Notons que les six enfants trisomiques de l’expérimentation possèdent la totalité de ces gestes : leur communication paraît donc moins troublée que celle des autres enfants, plus proche d’une évolution ordinaire.

b. En lien avec la classification de J. Cosnier :

Au niveau des gestes quasi-linguistiques, on remarque l’utilisation par ces enfants de mimiques, de gestes opératoires pour transmettre une information, de gestes conatifs (« chut », « stop ») et phatiques pour établir le contact.

Les enfants de notre étude utilisent également la gestualité phonogène pour produire des sons et phonèmes, des gestes extra-commuicatifs ainsi que de nombreux paraverbaux, c’est-à-dire des variations prosodiques et des expressifs (faciaux), le plus souvent pour transmettre un ressenti. Estéban emploie, également, des gestes illustratifs pour pallier son absence de mots oraux. La majorité des enfants emploie des gestes synchronisateurs de l’interaction (qui appartiennent à la fonction phatique).

c. De façon générale :

Les gestes signifiants les plus souvent employés par les enfants de notre étude sont : « Envoyer un baiser », « au revoir », « chut » et « bravo ». D’autres gestes tels « pleurer », « boum » ou « câlin » sont utilisés moins fréquemment.

Les enfants ayant la mimogestualité de communication la plus développée sont ceux ayant le moins de mots à leur disposition pour exprimer leurs préoccupations cognitives et leur désir d’interaction. Les gestes kinémimiques (visser, couper…) et pictomimiques (petit,

157 gros…) sont utilisés par les enfants ayant des messages riches à faire passer sans le support des mots.

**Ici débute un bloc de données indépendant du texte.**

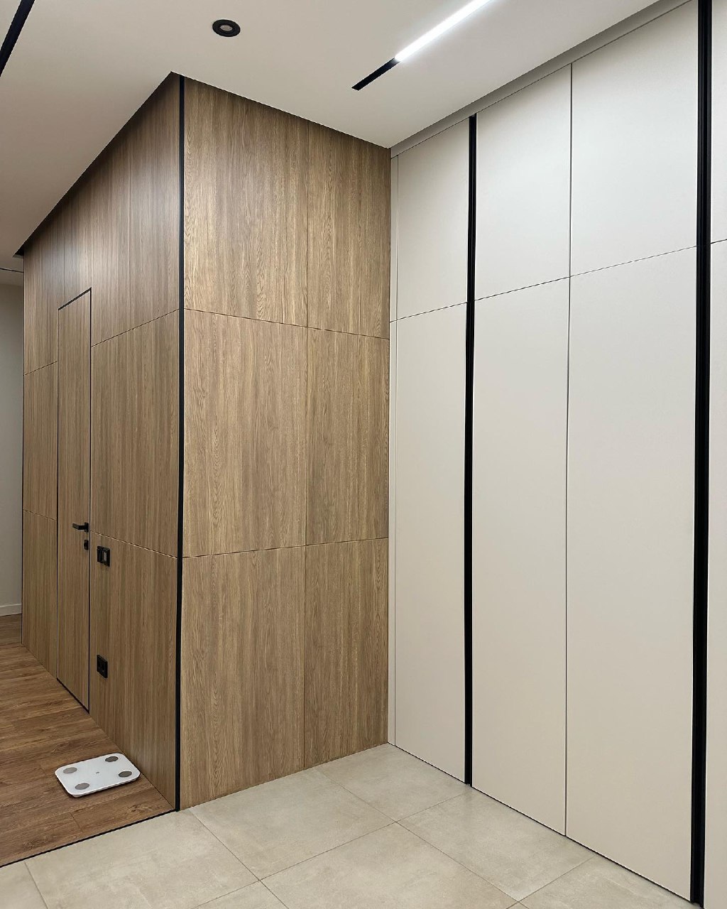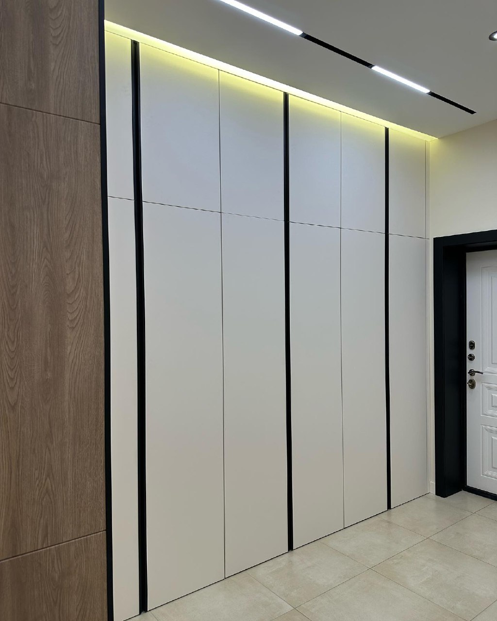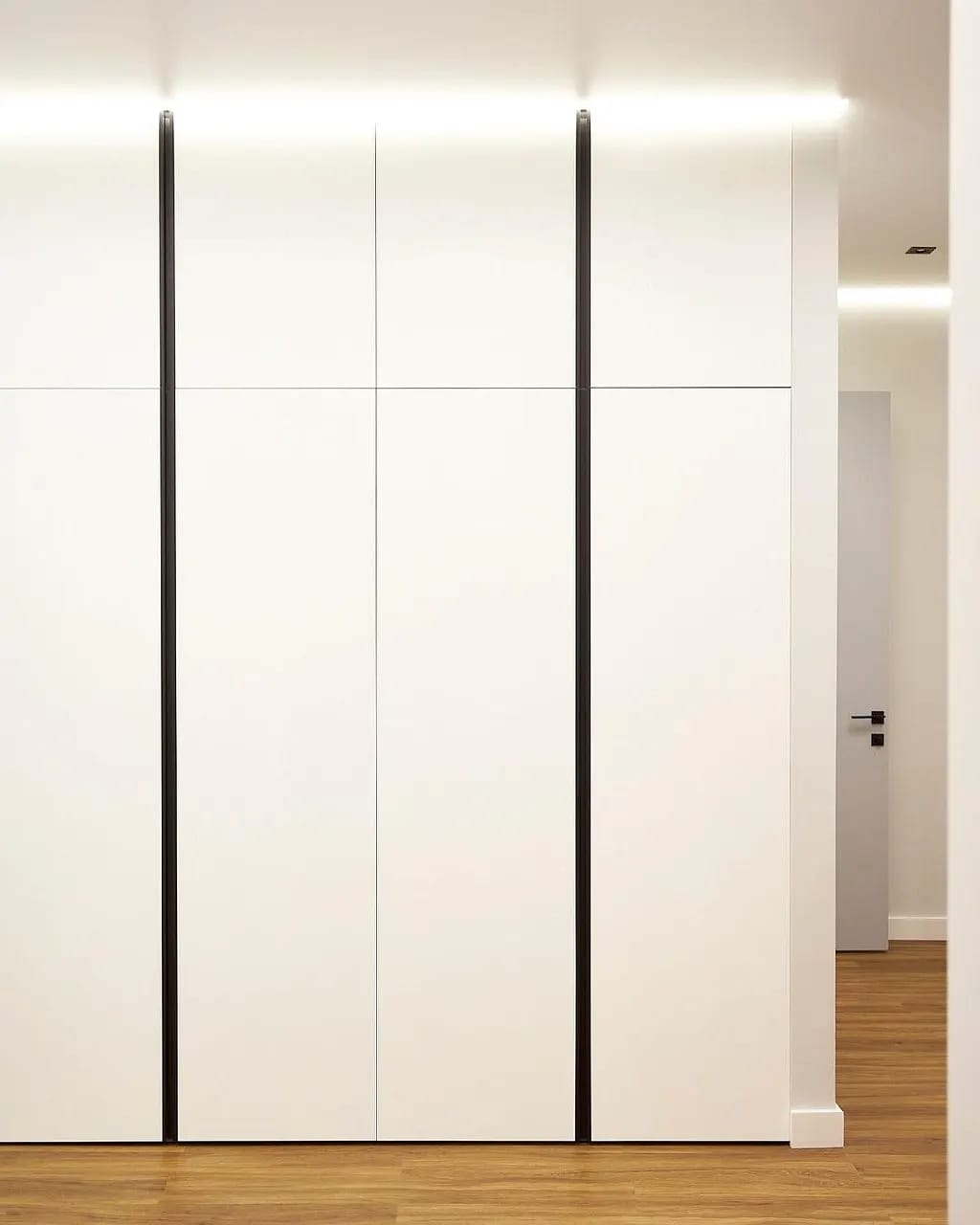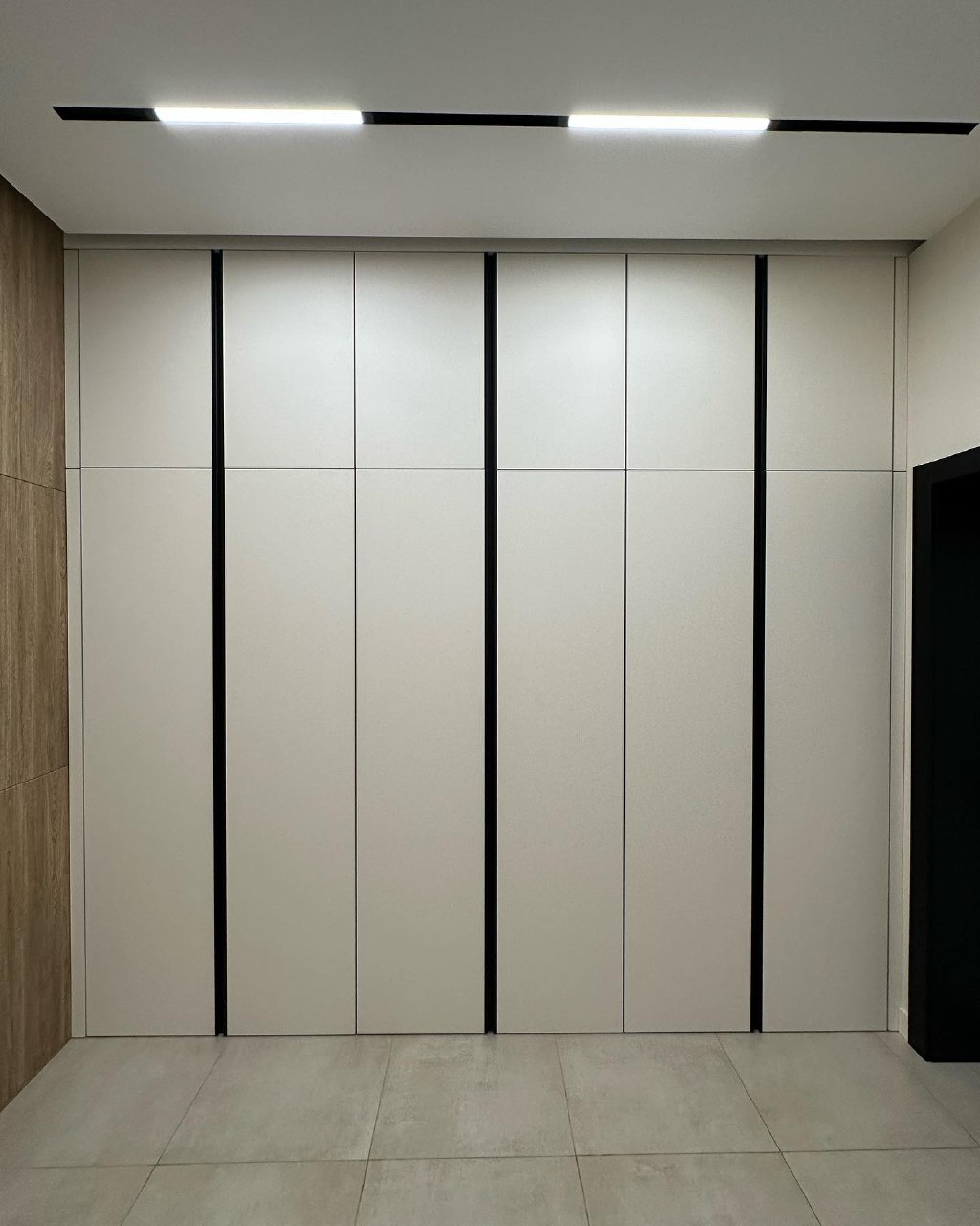 Этот шкаф выполнен в современном минималистичном стиле. Гладкие светлые фасады без ручек создают эффект цельной поверхности, а вертикальные чёрные вставки визуально вытягивают пространство и придают конструкции графичность.

L’éventail des gestes acquis dépend donc du développement général de l’enfant : plus il a de choses à signifier, plus il enrichit son stock gestuel pour pallier cette absence de mots.

Les enfants au langage oral le plus développé, notamment Camille, utilisent des gestes coverbaux pour accompagner leur discours.

Les enfants de cette étude suivent donc l’évolution des enfants ordinaires, au niveau du développement de la communication non verbale : les uns comme les autres

utilisent de nombreux gestes signifiants puis, lorsque les mots apparaissent, la communication gestuelle décline, sans pour autant disparaître, au profit de la communication verbale, qu’elle vient enrichir.

3. L’acquisition des différentes fonctions de communication :

Les fonctions de communication sont acquises de façon inégale par les enfants de cette étude, que les moyens soient verbaux ou non. L’unique fonction totalement maîtrisée

est la fonction expressive : tous les enfants, en effet, utilisent mimiques, gestes ou mots pour exprimer des émotions.

La fonction conative, permettant d’agir sur autrui, est acquise par 10/11 enfants : le onzième et dernier enfant, Joachim, l’utilise de façon incertaine.

La fonction phatique est maîtrisée par 7/11 enfants : les quatre autres sujets l’utilisent peu, voire très peu.

La fonction référentielle est acquise par 7/11 enfants, qui ne sont pas les mêmes que pour la fonction phatique.

Les fonctions poétique et métalinguistique ne sont encore utilisées par aucun enfant de cette population d’étude.

158 On constate par conséquent une gradation dans le développement des fonctions de communication. Les fonctions référentielle, poétique et métalinguistique dépendent en effet du support verbal ; les deux dernières supposent également une mise à distance du langage et une réflexion à son sujet. La fonction phatique, elle, est liée à l’attention conjointe : elle est donc peu développée par les enfants n’ayant pas encore atteint ce stade cognitif.

4. Les premiers mots utilisés par ces enfants :

Les mots les plus utilisés par ces enfants sont « oui – non », « bonjour – au revoir », « maman », « papa », « allô », « regarde », « boum ». Les images et objets les plus souvent dénommés sont « bateau », « avion », « lumière », « lunettes », « gâteau », « biberon », « bébé » et « lapin ».

Les mots relevant de la fonction phatique et/ou conative les plus fréquents sont : « encore », « allez » et « attends ».

Certains enfants utilisent des marqueurs spatiaux ou de quantification, tels : « où ? », « ici », « là », « partout », « tout plein », « assez », « tout ça », « apu » et « un petit peu ».